Brief: Give every line of the material back exactly, images removed.

Source data:
★ ★ ★
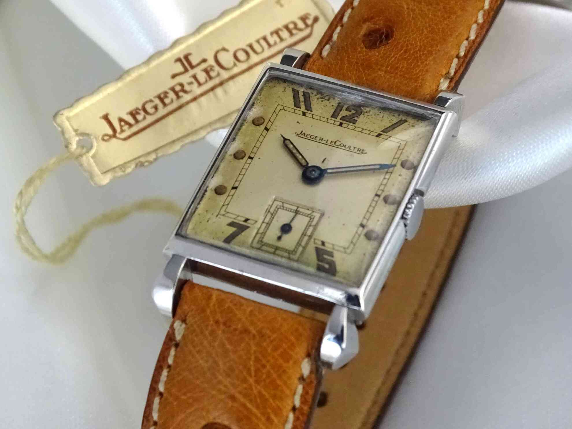 stainless steel case with original Jaeger leCoultre ostrich strap
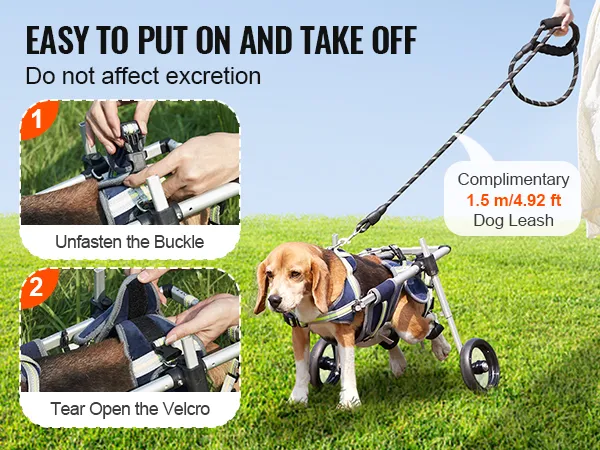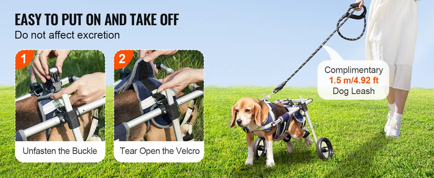 Open een gesp, scheur een deel van het klittenband af - met slechts twee eenvoudige stappen kan uw geliefde huisdier gemakkelijk in of uit zijn kleine rolstoel stappen. We hebben er ook een hondenriem van 1,5 m lang bijgeleverd.
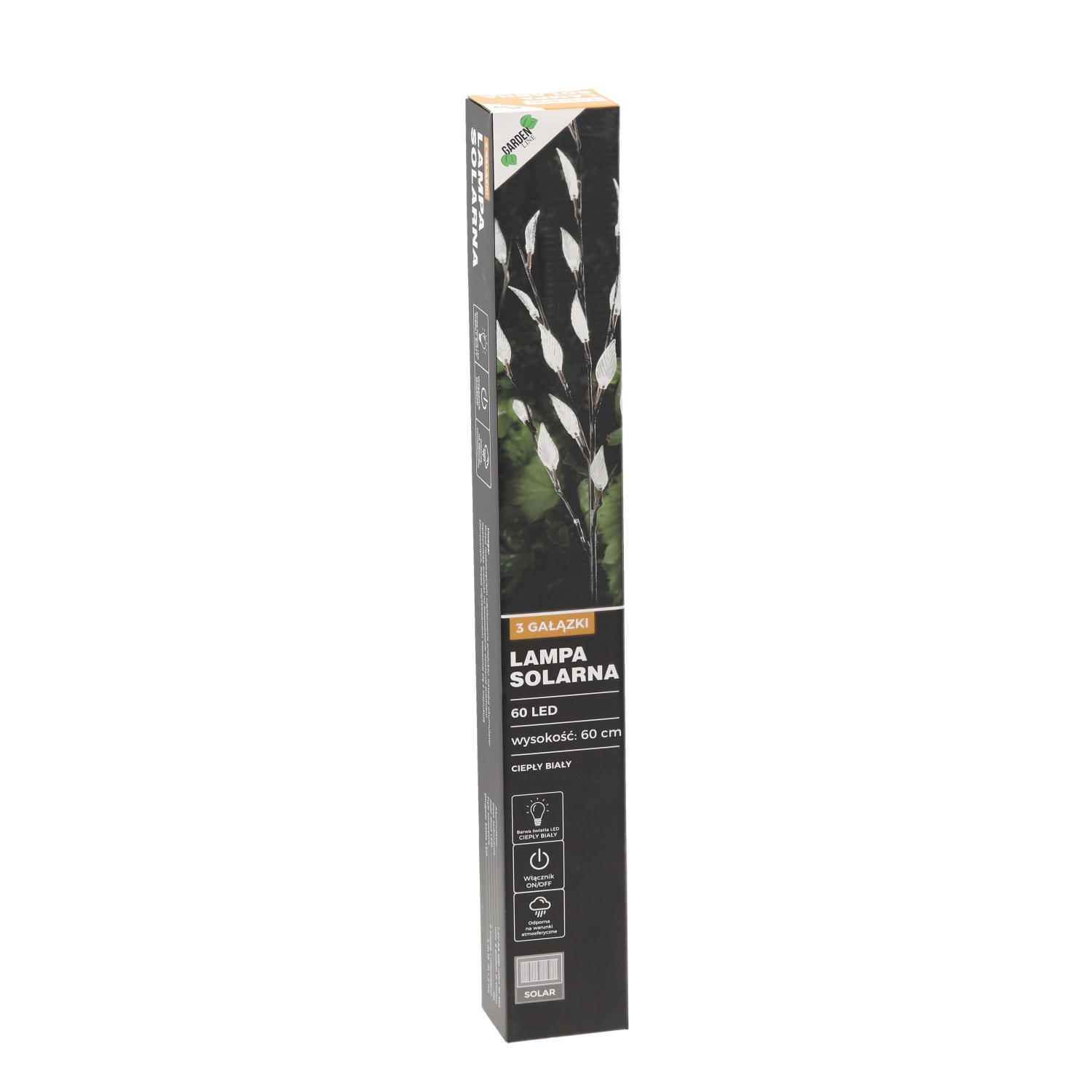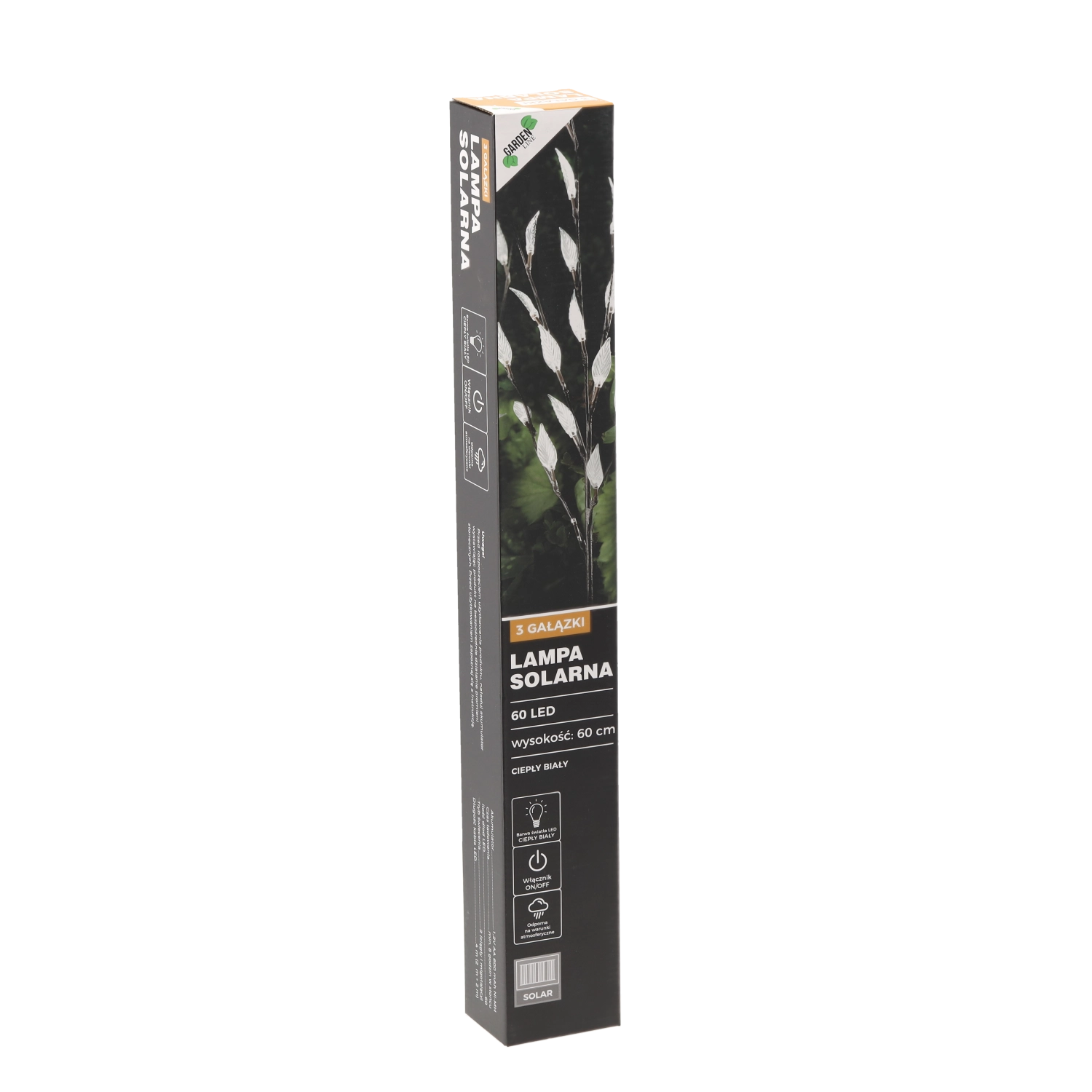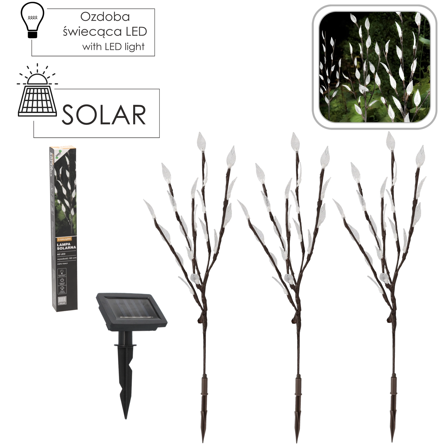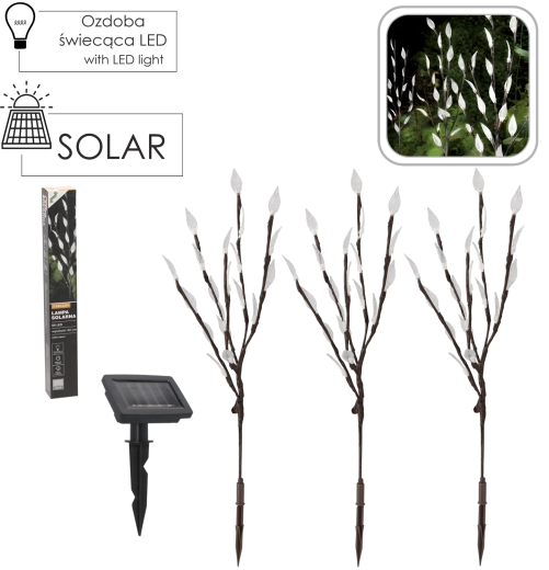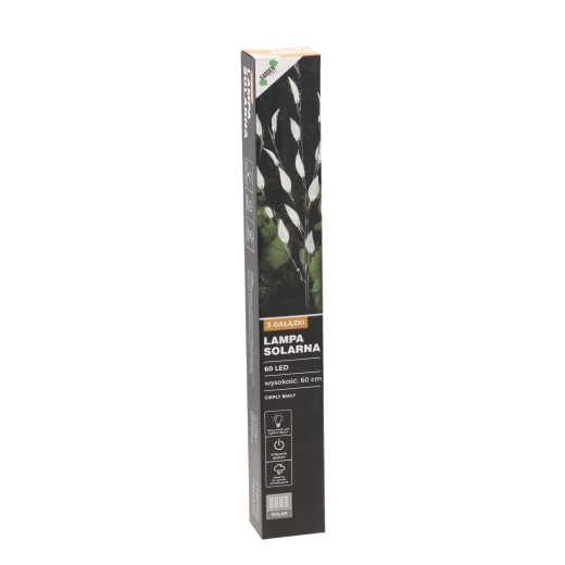 Vytvořte si světelnou dekoraci, která zaujme ve dne i v noci. Solární zahradní lampa s výškou cca 60 cm má tři jemné větvičky se 60 LED diodami v teplém bílém odstínu. Díky solárnímu napájení šetří energii a funguje zcela bez zásuvky – ideální pro záhony, cesty, terasy i balkony.
★ ★ ★
Reply to the task:
 stainless steel case with original Jaeger leCoultre ostrich strap
 Open een gesp, scheur een deel van het klittenband af - met slechts twee eenvoudige stappen kan uw geliefde huisdier gemakkelijk in of uit zijn kleine rolstoel stappen. We hebben er ook een hondenriem van 1,5 m lang bijgeleverd.
 Vytvořte si světelnou dekoraci, která zaujme ve dne i v noci. Solární zahradní lampa s výškou cca 60 cm má tři jemné větvičky se 60 LED diodami v teplém bílém odstínu. Díky solárnímu napájení šetří energii a funguje zcela bez zásuvky – ideální pro záhony, cesty, terasy i balkony.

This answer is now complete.